Hi, thanks for help in advance.

Using the Equation: f(w) = 10/w - 0.77ln(w) – 3.2

How do i use Newton-Raphson iterative to find the required value of w correct to 3 significant figures, starting from w0 = 3.

Thanks

enter your functions here and see the steps:

http://maccery.com/maths/#newton-raphson

To use the Newton-Raphson method, you need to follow these steps:

1. Start with an initial guess, w0, which in this case is given as 3.
2. Calculate the value of the function, f(w), using the given equation for the guess value w0.
3. Calculate the derivative of the function, f'(w), with respect to w.
4. Use the formula: w1 = w0 - f(w0) / f'(w0) to find the next approximation, w1.
5. Repeat steps 2-4 using the new approximation value, w1, until the desired level of accuracy is achieved.

Let's go through the steps to find the required value of w:

Step 1: The initial guess is given as w0 = 3.

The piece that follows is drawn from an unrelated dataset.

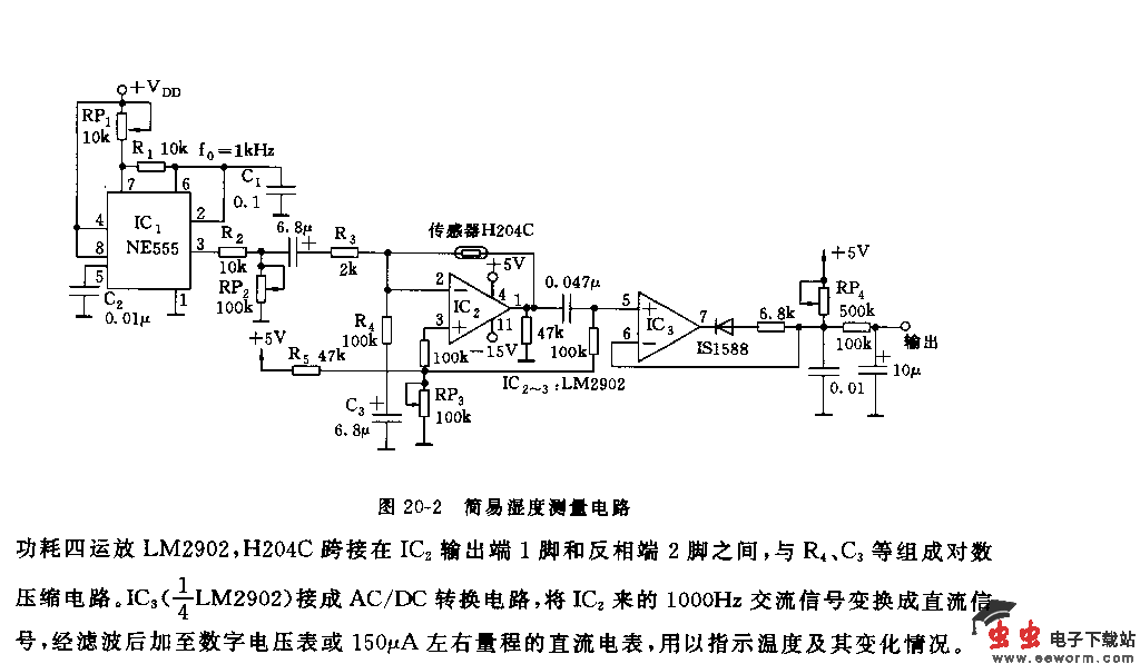 简易湿度测量电路
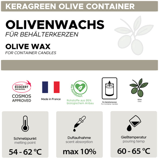 Bio-Olivenwachs für Behälterkerzen 'Keragreen Olive Container'

Step 2: Calculate the value of the function, f(w0), using the given equation:
f(w0) = 10/w0 - 0.77ln(w0) – 3.2 = 10/3 - 0.77ln(3) – 3.2 ≈ -6.16615

Step 3: Calculate the derivative of the function, f'(w), with respect to w:
f'(w) = -10/w^2 - 0.77/w

For w0 = 3, f'(w0) = -10/3^2 - 0.77/3 ≈ -3.697

Step 4: Use the Newton-Raphson formula to find the next approximation, w1:
w1 = w0 - f(w0)/f'(w0)
= 3 - (-6.16615)/(-3.697)
≈ 4.666

Step 5: Now, with the new approximation value, w1, repeat steps 2-4 until the desired level of accuracy is achieved.

Repeat steps 2 and 3 using w1 = 4.666 to get the updated values of f(w) and f'(w):

f(4.666) ≈ -1.403
f'(4.666) ≈ -0.556

Using these values, we can find the next approximation, w2:
w2 = w1 - f(w1)/f'(w1)
= 4.666 - (-1.403)/(-0.556)
≈ 6.584

Repeat this process until the desired level of accuracy is achieved or until the number of significant figures required is reached.

It's important to note that the Newton-Raphson method may not always converge or may converge to a different root if there are multiple roots or oscillations. Therefore, it's essential to verify the accuracy and stability of the method in your specific case.